O Sr. Prosser pensou um pouco.

- Bem, é, não exatamente... Precisar, não preciso, não... - disse Prosser, preocupado, por achar que ele, ou Ford, estava dizendo um absurdo.

- Então o senhor podia perfeitamente fazer de conta que ele ainda está

aqui, enquanto eu e ele damos um pulinho no bar, só por meia hora. O que o senhor acha?

O Sr. Prosser achava aquilo perfeitamente insano.

- Acho perfeitamente razoável... - disse, com um tom de voz tranqüilizador, sem saber quem ele estava tentando tranqüilizar.

- E, se depois o senhor quiser dar uma escapulida pra tomar um chope - disse Ford -, a gente retribui o favor.

- Muito obrigado - disse o Sr. Prosser, que não sabia mais como conduzir a situação -, muito obrigado, é muita bondade sua... - Franziu o cenho, depois sorriu, depois tentou fazer as duas coisas ao mesmo tempo, não conseguiu, agarrou seu chapéu de pele e rodou-o no alto da cabeça nervosamente. Só podia achar que havia ganhado a parada.

- Então - prosseguiu Ford Prefect -, se o senhor tiver a bondade de vir até

aqui e se deitar...

- O quê? - exclamou o Sr. Prosser.

- Ah, desculpe - disse Ford -, acho que não soube me exprimir muito bem. Alguém tem que ficar deitado na frente dos tratores, não é? Senão eles vão demolir a casa do Sr. Dent.

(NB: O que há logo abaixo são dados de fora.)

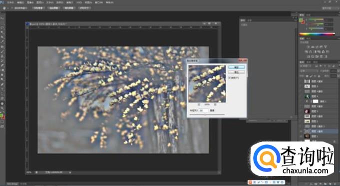 用模糊工具将多余的清楚的地方模糊一下,只要聚焦点图像清晰就行,因为在图像处理中没有刚刚好,只有调整之后再比较查看效果,不足的地方再去修改
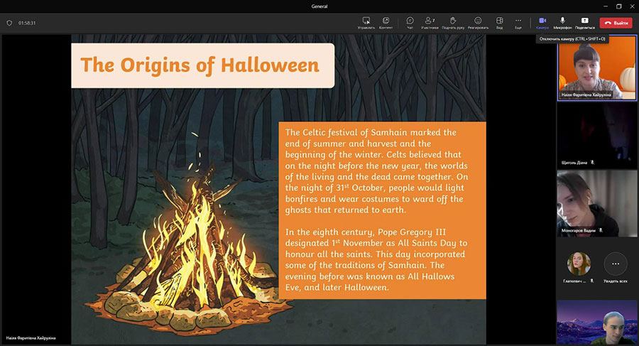 У рамках вивчення культури англомовних країн 31 жовтня викладачі кафедри романо-германської філології (доц. Хайруліна Н.Ф. та доц. Юніна О.Є.) зорганізували та провели тематичний захід присвячений святу Гелловін англійською мовою.
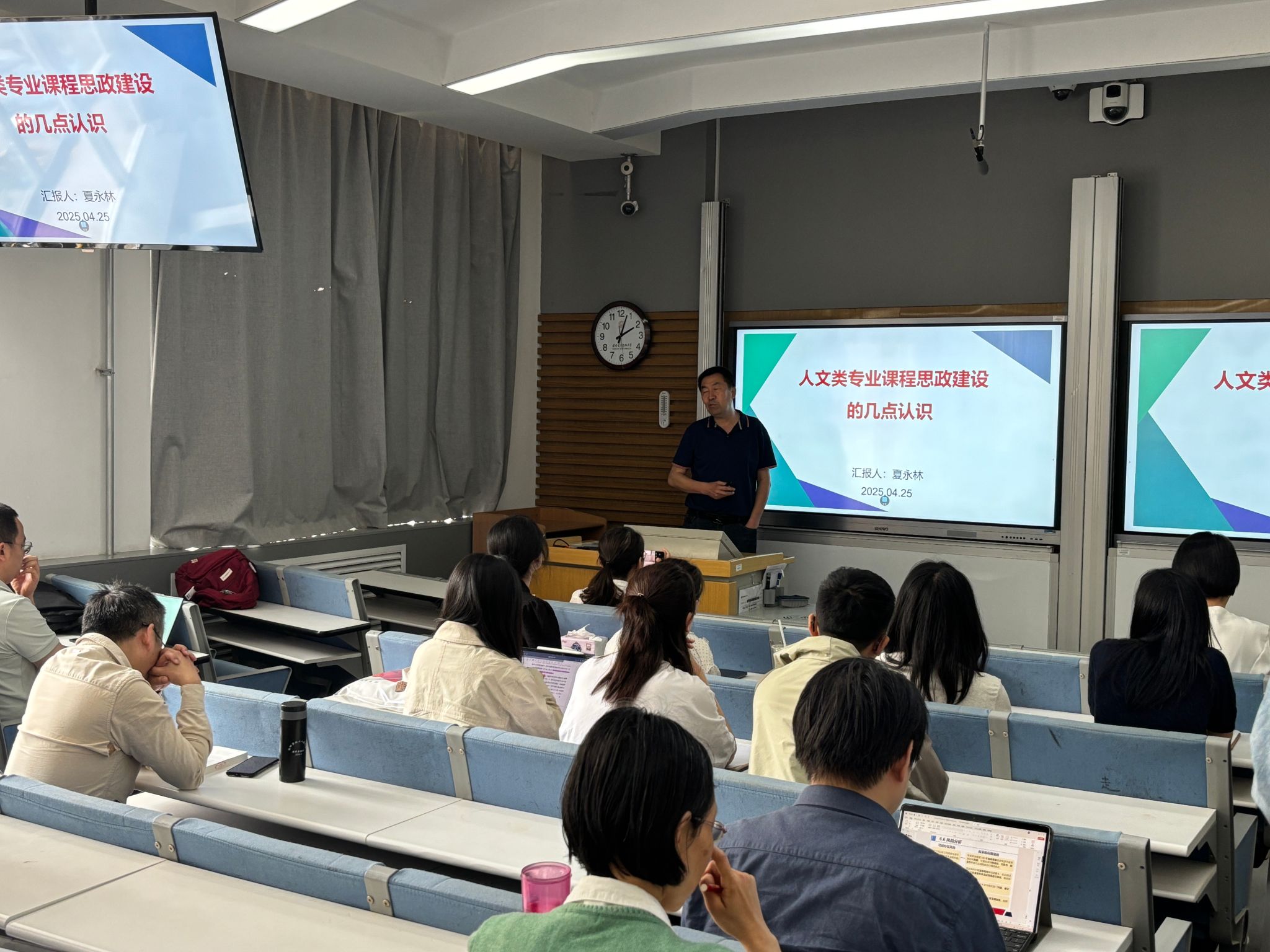 (通讯员 高海容)为将思政元素有机融入人文类课程,提升青年教师教学质量,4月25日下午,云顶国际vip.888邀请马克思主义公司夏永林教授在信远楼Ⅰ区110教室举办“人文类专业课程思政的理念与实践探索”专题培训。云顶国际vip.888教学副经理主持活动,公司全体青年教师、院级核心课程负责人及校级青教赛参赛人员共同参与。
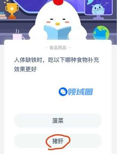7月26日蚂蚁庄园答案题目:人体缺铁时吃以下哪种食物补充效果更好

- O quê? - repetiu o Sr. Prosser.

- É muito simples - disse Ford. - Meu cliente, o Sr. Dent, declara que está

disposto a não mais ficar deitado aqui na lama com uma única condição: que o senhor o substitua em seu posto.

- Que história é essa? - disse Arthur, mas Ford cutucou-o com o pé para que se calasse.

- O senhor quer - disse Prosser, tentando captar essa nova idéia - que eu me deite aí...

-É.

- Na lama.

- É, como disse, na lama.

Assim que o Sr. Prosser se deu conta de que na verdade era ele o perdedor, foi como se lhe retirassem um fardo dos ombros: essa situação era mais familiar para ele. Suspirou.

- E em troca disso o senhor vai com o Sr. Dent até o bar?

- Isso - disse Ford -, isso mesmo.

O Sr. Prosser deu uns passos nervosos à frente e parou.

- Promete? - disse ele

- Prometo - disse Ford. Virou-se para Arthur: - Vamos, levante-se e deixe o homem se deitar.

Arthur pôs-se de pé, achando que tudo aquilo era um sonho. Ford fez sinal para o Sr. Prosser, que se sentou na lama, triste e desajeitado. Tinha a impressão de que toda a sua vida era uma espécie de sonho, e às vezes se perguntava de quem era aquele sonho, e se o dono do sonho estaria se divertindo. A lama envolveu suas nádegas e penetrou em seus sapatos.